- [Data shown]
· · · · ·
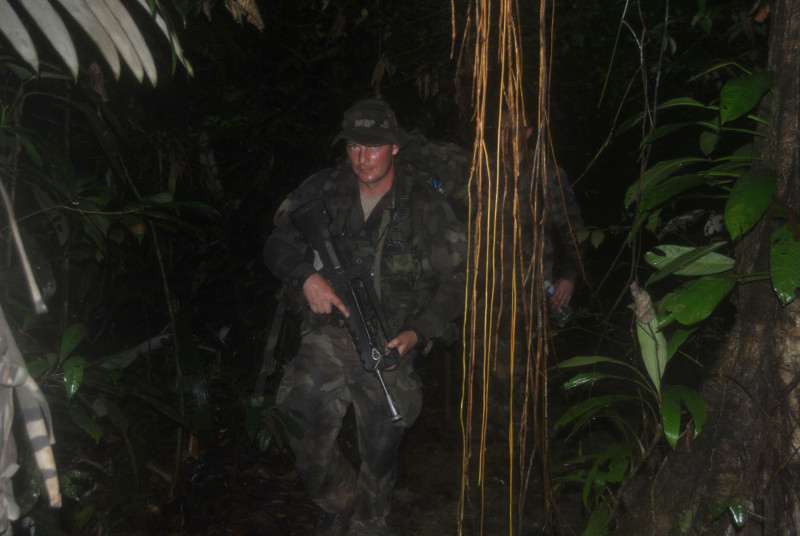 Po příletu do Francouzské Guyany, resp. na letiště v Cayenne, jsem musel dát za pravdu všem informacím o místním podnebí, neb vlhkost, která se pohybovala téměř okolo 80 %, byla opravdu znát a nejenom na mně se tahle změna počasí projevila. Cestou z letiště, kde nás vyzvedli již příslušníci cizinecké legie a odváželi místním autobusem na základnu v Kourou, jsme v průměru každý vypili asi 2 litry vody. První tři dny pobytu byly vyčleněné na naši aklimatizaci, v rámci kterých jsme se pomalu začali připravovat na výcvik. Osvojili jsme si používání útočné pušky Famas, kterou jsme během výcviku měli neustále u sebe, dovybavili jsme se potřebným materiálem, jenž je typický pro výcvik v džungli a absolvovali vstupní přezkoušení z plaveckých dovedností. Test probíhal v polní ústroji v místním bazénu, kde jsme kromě klasického plavání museli překonávat různé vodní překážky a podplavávat uměle vytvořené nástrahy, se kterými bychom se při výcviku mohli setkat v terénu. Celé přezkoušení bylo důležité především pro instruktory pověřenými vedením daného kurzu k jejich dokonalému přehledu o zdatných či méně zdatných plavcích.
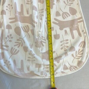 Adorable infant sleep sack featuring a playful animal and plant design. Easy zip closure for convenience and convertible arm holes.
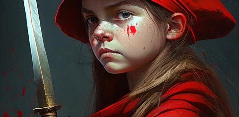 По дороге в лесу Красная Шапочка таки встречает волка и растерзал бы он ее, но тут на счастье под ближайшим кустом лежит меч.
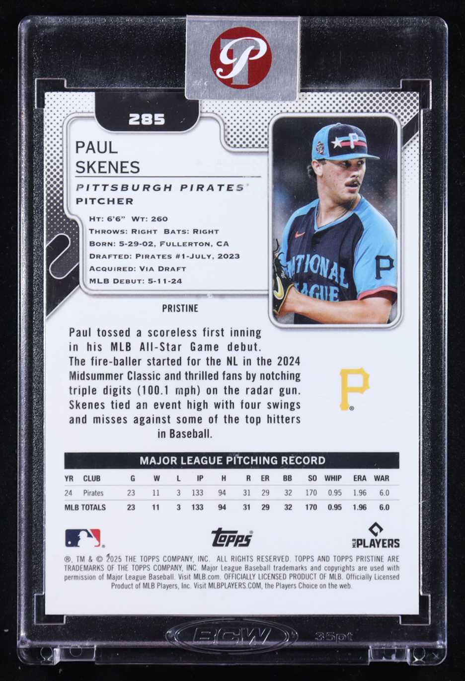 Paul Skenes 2025 Topps Pristine Aqua Pristine Refractors #285 #005/199
· · · · ·
- [Task to complete] Nothing but the pictures may be dropped; restate the material word for word.

- [Answer section]
 Po příletu do Francouzské Guyany, resp. na letiště v Cayenne, jsem musel dát za pravdu všem informacím o místním podnebí, neb vlhkost, která se pohybovala téměř okolo 80 %, byla opravdu znát a nejenom na mně se tahle změna počasí projevila. Cestou z letiště, kde nás vyzvedli již příslušníci cizinecké legie a odváželi místním autobusem na základnu v Kourou, jsme v průměru každý vypili asi 2 litry vody. První tři dny pobytu byly vyčleněné na naši aklimatizaci, v rámci kterých jsme se pomalu začali připravovat na výcvik. Osvojili jsme si používání útočné pušky Famas, kterou jsme během výcviku měli neustále u sebe, dovybavili jsme se potřebným materiálem, jenž je typický pro výcvik v džungli a absolvovali vstupní přezkoušení z plaveckých dovedností. Test probíhal v polní ústroji v místním bazénu, kde jsme kromě klasického plavání museli překonávat různé vodní překážky a podplavávat uměle vytvořené nástrahy, se kterými bychom se při výcviku mohli setkat v terénu. Celé přezkoušení bylo důležité především pro instruktory pověřenými vedením daného kurzu k jejich dokonalému přehledu o zdatných či méně zdatných plavcích.
 Adorable infant sleep sack featuring a playful animal and plant design. Easy zip closure for convenience and convertible arm holes.
 По дороге в лесу Красная Шапочка таки встречает волка и растерзал бы он ее, но тут на счастье под ближайшим кустом лежит меч.
 Paul Skenes 2025 Topps Pristine Aqua Pristine Refractors #285 #005/199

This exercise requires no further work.